Every Pilates class is an adventure. The variety of props, machines and equipment this exercise method could feature for every session makes it an exciting, challenging and well-spent hour. By Ivy Ong
Reformers are famous, as well as infamous – it could be argued – in Pilates. This, for good reason: with proper form and good alignment, reformer exercises feel stress-free and are safe to perform while highly effective in strength and stability training. The exercises are dynamic, and they get progressively challenging as the body grows stronger and the muscles ask for more.
What’s fun about working out on the reformer is that the movements flow smoothly. It’s almost like going for a ride except you use your muscles to power the vehicle. As fun as reformers are, Pilates exercises using other apparatus are sometimes left underrated, yet they are just as exciting and effective as doing it on the reformer.
Get Down on the Mat
Mat Pilates forms the foundation of all Pilates exercises done on the reformer and other equipment. If spring tension moves the carriage on the reformer, nothing else but the body provides the tension, the push and the pull, on the mat. This is why there’s an impression that mat Pilates is more difficult – you have to carry your own weight; you have to really be in control of your body.
Using props like the barrel, blocks, a sponge ball, Flex Band, Fitness Circle resistance ring, toning balls or hand weights brings variety to the exercises. These props help target specific muscle groups as well as increase or decrease the intensity of an exercise.
(Caption for picture 1: Sitting on the barrel helps ease tight hip flexors while the sponge ball between the knees facilitates rotation of the trunk.)
Jump onto the Cadillac
The original Cadillac was designed by Joseph Pilates, which was simply a hospital bed with makeshift springs attached to it in its earliest, rudimentary versions. Joseph rehabilitated injured soldiers on these beds during World War I, and he continued to improve upon his ideas until the Cadillac came into being. The Cadillac took on its fancy title because of its many features. Today, no pilates studio is complete without a Cadillac.
Though it traces its origins to injury rehabilitation, the Cadillac is not only used to rehabilitate but also to challenge the body more by isolating the muscles. The exercises on the Cadillac use springs that are independent of each other, you have to use the left and right sides of the body equally so you really push them to do the same amount of work.
The Trapeze and Fuzzies are two attachments that go across the top frame of the Cadillac to help you do anything from simple stretches to more intense exercises, i.e. upside down.
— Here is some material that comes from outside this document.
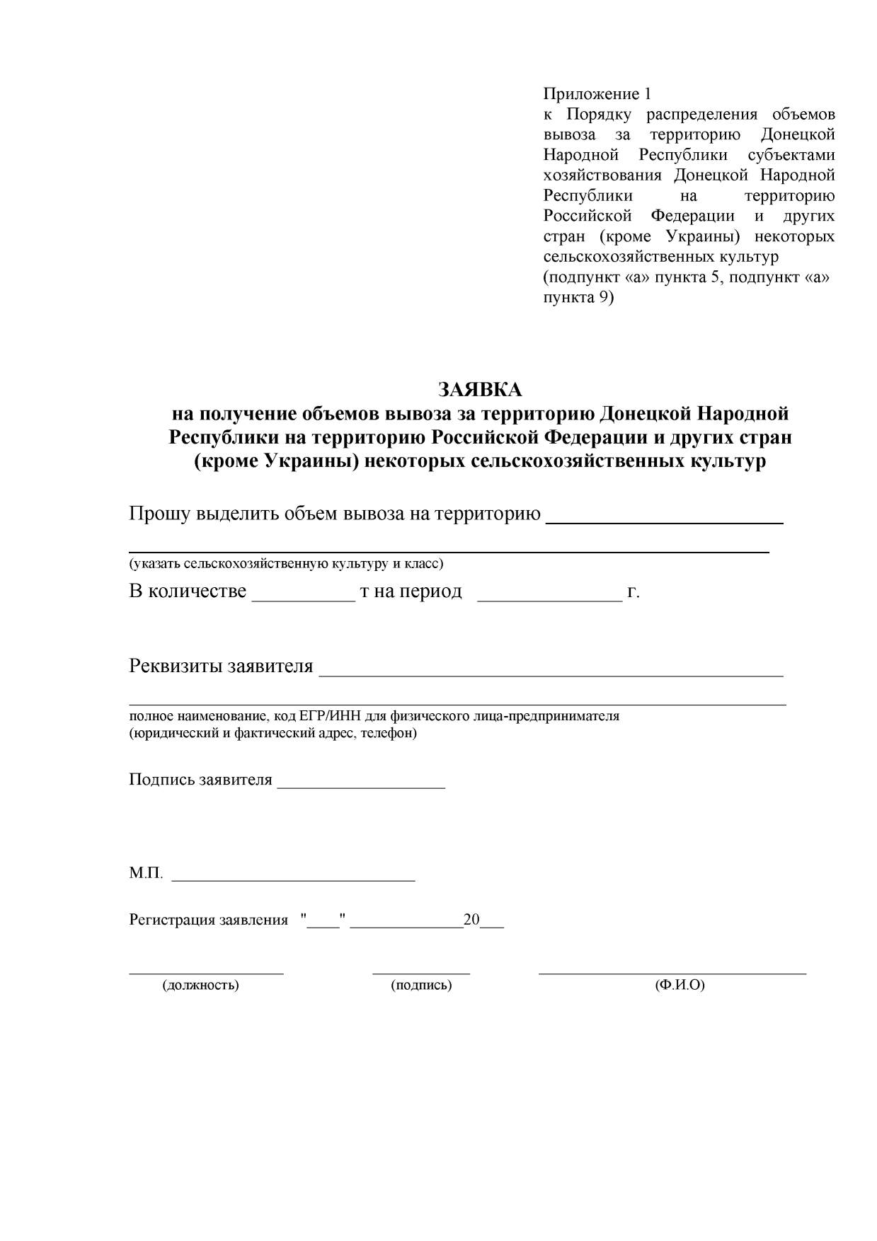 а) заявка на получение объемов вывоза за территорию Донецкой Народной Республики на территорию Российской Федерации и других стран (кроме Украины) некоторых сельскохозяйственных культур, согласно приложению 1. Объем вывоза за территорию Донецкой Народной Республики на территорию Российской Федерации и других стран (кроме Украины) некоторых сельскохозяйственных культур, указанный в заявке, не может превышать объем вывоза некоторых сельскохозяйственных культур установленный Межведомственной комиссией на данном этапе;

There is a sense of excitement from being able to do these exercises, because you know that your body has grown stronger – the Hanging Abdominal Curls, for example, is not so much about hanging upside down as having a strong core that enables you to do abdominal crunches without having to be grounded on the mat.
Work on the Chair
The Split-Pedal Stability Chair is a compact apparatus that trains balance and stability as you work on a smaller base of support. You can exercise sitting on the Chair; you can also work lying down or standing at the front, back or sides of it. The Chair is able to isolate the lower and upper body by its design, and the split pedals also allow you to isolate the left and right sides of the body.
Good for people who prefer to exercise stationary and for people who need to stay upright, the Chair can adapt to rehabilitation exercises, pre-natal and post-natal exercises, strength training and athletic conditioning.